Miss Anthropocene combines misanthropy and anthropecene. It’s therefore necessary to mark the oral connection. Grimes mixes an aversion for humankind with a notion that’s controversial among scientists: anthropecene denotes the era during which humans left an indelible mark on the planet earth, notably with the appearance of plastic and the development of chemistry in the 19th century. In Grimes’ imagination, Miss Anthropocene would be the goddess of salvation responding to a world in the throes of climate change. The Canadian is also “really obsessed with ancient polytheism”, as she told Lana Del Rey in December 2019: “I love how the ancient Greeks or the ancient Egyptians lived in this weird anime world where there were just tons of gods that could be anything”. Anything: and there’s the rub. The idea of modelling an entire album on the apocalyptic adventures of a plastic goddess is far from stupid. But she’s still got to assume her ambitions.

 

"My album’s about a modern demonology or a modern pantheon where every song is about a different way to suffer or a different way to die."

 

Between pop star dreams and futuristic experiments, could Grimes be lost for good? After having forged such a specific universe around her new album, it’s difficult, ultimately, to know what to expect. This isn’t Claire Boucher’s first stylistic foray. After emerging on the Montreal scene in 2010 as the new do-it-yourself icon with Halfaxa, she quickly became one of the most interesting figures of her generation, alongside Björk and FKA twigs. But then in 2015, Art Angels, a record that was more pop and more accessible, disappointed her fans. Even the singer herself felt this album, which had become “a stain on her life”, was “shit”. Which is certainly one way to put up a smokescreen for the future.

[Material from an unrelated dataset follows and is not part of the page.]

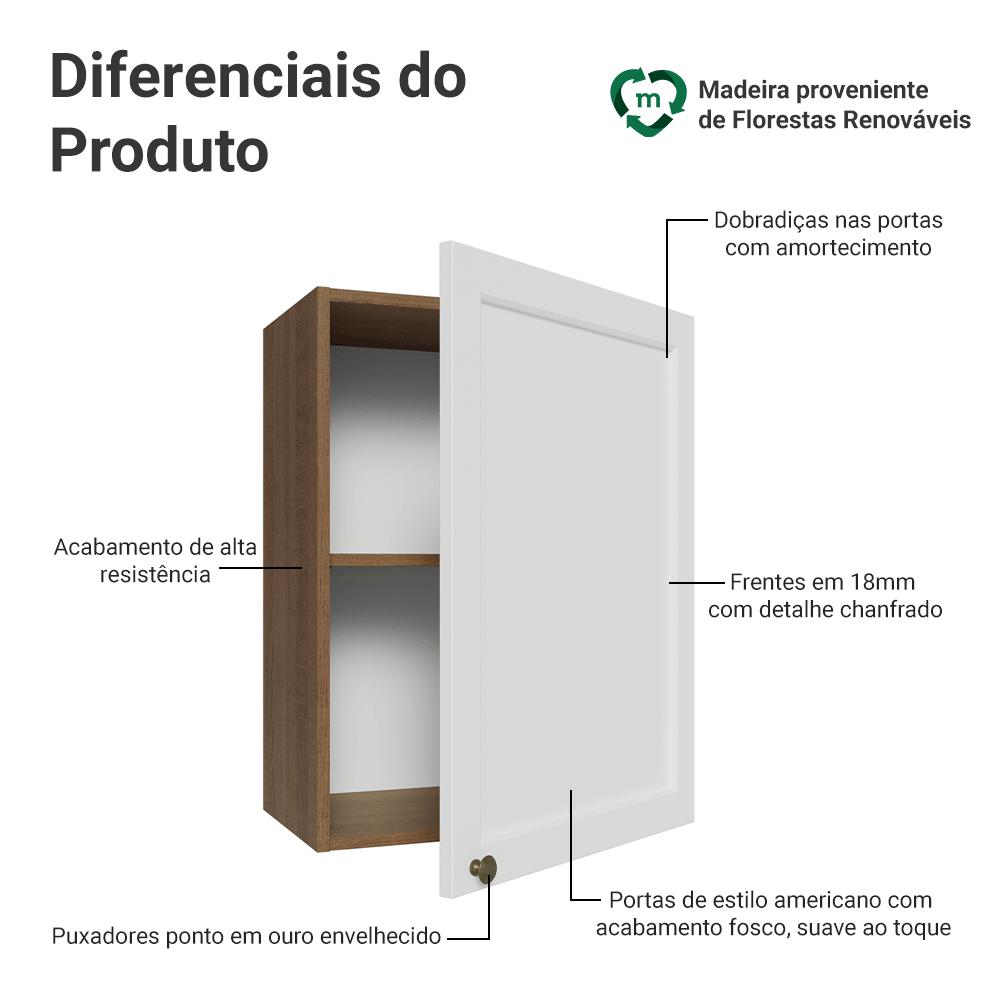 Aproveite todo o espaço da sua cozinha com o Armário Aéreo de 50 cm da Linha Vik da Madesa. O acabamento de alta resistência da estrutura é no tom amadeirado Rustic e das portas em Branco. Possui uma textura suave ao toque, e o destaque vai para os puxadores ponto em ouro envelhecido, feitos com metal resistente. Outro diferencial está no detalhe chanfrado das frentes, que forma molduras elegantes e dá profundidade ao design, refletindo o estilo americano com um toque moderno.Além de trazer elegância, a linha Vik é funcional em cada detalhe. As portas possuem dobradiças com amortecimento, garantindo um fechamento suave e silencioso, para você organizar tudo que precisa com muito mais facilidade.Ideal para quem busca elegância, qualidade e funcionalidade para o dia a dia.Medidas totais:- 66 cm de altura- 50 cm de largura- 31 cm de profundidadeO que você recebe:- Um Armário aéreo com uma portaCódigo do produto: G255006EVKÉ importante saber:- Material: MDP- Imagens meramente ilustrativas, a decoração não acompanha o produto- A Madesa não disponibiliza serviço de montagem- O produto segue com manual de instalação e todas as ferragens necessárias para sua montagemA Madesa possui compromisso com a sustentabilidade. Geramos energia limpa em nossa própria usina, priorizamos fornecedores responsáveis e utilizamos plástico reciclado em nossa produção. Além disso, reinserimos sobras no ciclo de reciclagem e investimos no desenvolvimento de nossos colaboradores e da comunidade.Garantia: Este produto conta com 1 ano de garantia total, sendo 3 meses de garantia legal e 9 meses de garantia contratual. A garantia cobre exclusivamente defeitos de fabricação e vícios ocultos. Não estão cobertos: problemas decorrentes de montagem incorreta, uso inadequado, exposição à umidade, calor ou luz solar direta, modificações no produto ou desgaste natural.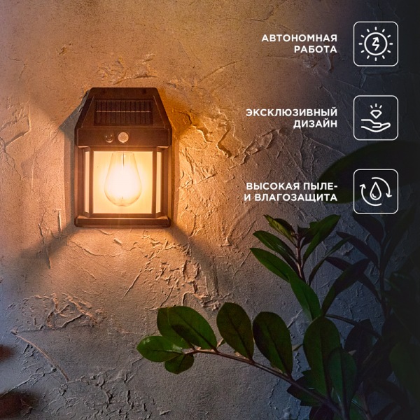 Накопленная энергия хранится во встроенном аккумуляторе, что позволяет светильнику автономно функционировать около 6-8 часов и освещать окружающую территорию вечером и ночью, не требуя подключения к электросети.

2. The return to dreampop 

 

But in spite of her promises for renewal, it’s clear that Miss Anthropocene is a resolutely pop album. Both stellar and soigné, certain compositions, sublimated by ethereal voices, remain striking. So Heavy I Fell Through the Earth (Art Mix), which opens the record, stops time in a dreamlike epic lasting six minutes. Incredibly dense, the song stands out for its high-pitched chanting.

 

The first half of the record retains the same force as its opening track. Hot on the heels of DarkseidViolence and 4AEM, which the public already knew. All give pride of place to the dreampop accents of Art Angels, which the singer had once so fiercely rejected. Guests from this previous opus are also back on Miss Anthropocene, including Pan Wei-Ju, a poet based in Taipei, who sings in Cantonese on DarkseidViolence, produced by i_o, remains one of the most catchy songs on the record. With its repetitive words, it describes an abusive relationship that leaves us unsure if it’s about a toxic couple, or the relationship between humans and Earth.

3. Eclectic pop 

 

From My name is dark (Art Mix) to You’ll miss me forever when I’m not around, Grimes plunges into pop compositions with increasingly classic structures, and a decreasing dynamism. Delete Forever is something of a UFO with its ballad punctuated by a simple acoustic guitar, making clear reference to the emo pop-rock albums of the early 2000s. 

 

The soul that gave her energy to the singles already released therefore seems to disappears in favour of more intimate music on Miss Anthropocene. "My album’s about a modern demonology or a modern pantheon where every song is about a different way to suffer or a different way to die." But perhaps the album is sufficient in itself and deserves to be listened to without any explanatory text.